From mboxrd@z Thu Jan  1 00:00:00 1970
Return-Path: <linux-kernel-owner@vger.kernel.org>
Received: (majordomo@vger.kernel.org) by vger.kernel.org via listexpand
	id S1752387Ab2DOWij (ORCPT <rfc822;w@1wt.eu>);
	Sun, 15 Apr 2012 18:38:39 -0400
Received: from mx1.redhat.com ([209.132.183.28]:8648 "EHLO mx1.redhat.com"
	rhost-flags-OK-OK-OK-OK) by vger.kernel.org with ESMTP
	id S1752022Ab2DOWii (ORCPT <rfc822;linux-kernel@vger.kernel.org>);
	Sun, 15 Apr 2012 18:38:38 -0400
Date: Mon, 16 Apr 2012 00:38:08 +0200
From: Oleg Nesterov <oleg@redhat.com>
To: Linus Torvalds <torvalds@linux-foundation.org>
Cc: "H. Peter Anvin" <hpa@zytor.com>, Chuck Ebbert <chuckebbert.lk@gmail.com>,
        Jan Kratochvil <jan.kratochvil@redhat.com>,
        linux-kernel@vger.kernel.org
Subject: Re: ptrace && fpu_lazy_restore
Message-ID: <20120415223808.GA26214@redhat.com>
References: <20120414235238.GA11131@redhat.com> <CA+55aFxJykAy4=9WVOnUOy1PUBYLmPy9mJmydoYZpQEbSkfvJQ@mail.gmail.com>
MIME-Version: 1.0
Content-Type: text/plain; charset=us-ascii
Content-Disposition: inline
In-Reply-To: <CA+55aFxJykAy4=9WVOnUOy1PUBYLmPy9mJmydoYZpQEbSkfvJQ@mail.gmail.com>
User-Agent: Mutt/1.5.18 (2008-05-17)
Sender: linux-kernel-owner@vger.kernel.org
List-ID: <linux-kernel.vger.kernel.org>
X-Mailing-List: linux-kernel@vger.kernel.org

On 04/14, Linus Torvalds wrote:
>
> So I actually think that I would prefer the patch that invalidates the
> FPU caches more aggressively. Sure, we don't really *need* to
> invalidate if we're just reading, but I'd almost prefer to just have
> it done once in "init_fpu()".

Agreed. I'll send your patch back to you tomorrow.

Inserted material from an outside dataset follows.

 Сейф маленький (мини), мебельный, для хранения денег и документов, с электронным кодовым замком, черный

> The only case where we care about the FPU caches remaining is actually
> the nice normal "we just switched tasks through normal scheduling".

Yes. And there is another case when fpu_lazy_restore() returns the
false positive.

Suppose that fpu_owner_task exits on CPU_0, and then fork() reuses
its task_struct. The new child is still fpu_owner_task and this is
obviously wrong (unless of course another thread uses fpu).

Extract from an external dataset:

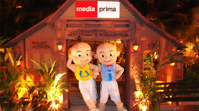 Memang tak rugilah datang kerana saya berpeluang berjumpa dengan beberapa orang media/press yang saya kenal dan tidak putus2 menyokong Les Copaque. Antaranya wartawan dari NSTP dan Utusan. Kebanyakkan dari mereka amat terkejut dengan kemunculan maskot Upin & Ipin ini kerana kami sendiri jarang menurunkan maskot Upin & Ipin untuk event malam hari. Media Party ni selain untuk menghargai media ianya juga memberi peluang kepada para media untuk memenangi hadiah2 lumayan dengan hanya melalui cabutan bertuah yang diadakan pada malam tersebut juga. Antara hadiah yang ditawarkan ialah handphone, peralatan elektrik dan grand pricenya ialah sebuah kereta Fiat. ( huhuh)p/s: Nampaknya Suarasa dah berubah lokasi… nanti kita tunggu updates terkini

Initially I thought this should be fixed too, but it seems that
"p->fpu_counter = 0" in copy_thread() saves us.

This looks a bit fragile... And could you confirm this is really
fine?


Btw, do we really need this "old->thread.fpu.last_cpu = ~0" in
the "else" branch of switch_fpu_prepare()? Just curious, I guees
this doesn't matter since we reset old->fpu_counter. But if we
can remove this line, then perhaps we can another optimization.

Oleg.